Most of what he said, though, had to do with wrists.  He told me people never rub their wrists when the cuffs come off, when they’re thrown in the cells or leaving the system.  Never.  

He saw it happen, or not happen, a lot of times, or so he said.  Inmates just stare at their naked wrists, blank eyes, every time.  Like freedom is a foreign concept, one not to be trusted, quick to be snatched away when it’s given. 

So when they took the handcuffs off of him for the last time, he didn’t rub his wrists.  He just stared at his hands, fists clenched, as if the cuffs still bound him, as if his hands were lead, and he got why people did it, or didn’t do it. 
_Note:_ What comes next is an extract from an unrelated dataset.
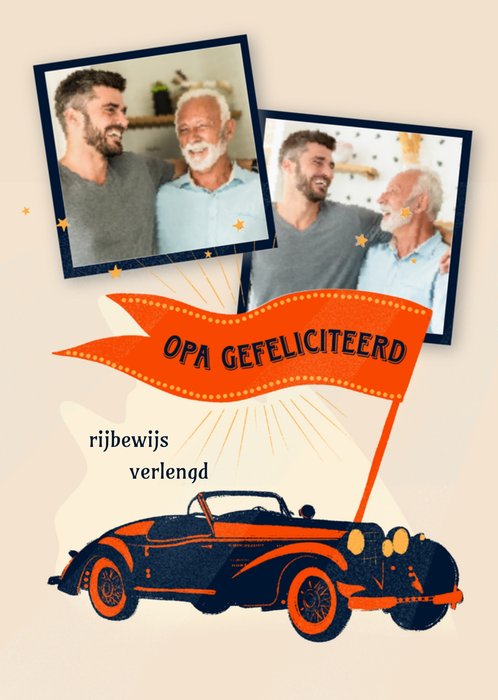 Is jouw opa op zijn oude dag nog geslaagd? Stuur hem een leuke kaart met een auto om hem te feliciteren. Op deze kaart staat: Opa gefeliciteerd. Rijbewijs verlengd. Ook kun je twee foto's toevoegen.

He finished up his third scotch and grabbed his coat, rubbing his wrists raw.  Handcuffs hurt, he said.  They chafe your wrists like Hell.  Nothing quite like the feeling of them coming off.  Nothing quite like sleeping in them, neither.  Only problem is, now I can’t stop rubbing my wrists.  It’s like I never took them off.  Or maybe I’m still in that moment, staring down, lost. 

He put on his hat, and left to brave the rain. 

I didn’t say a word the whole encounter.  I never asked him what he’d been in prison for.  Figured it didn’t matter, if he was really innocent, and if he wasn’t…well, in that case, I didn’t want to know.  I’d rather not know what he was rubbing his wrists for that whole time.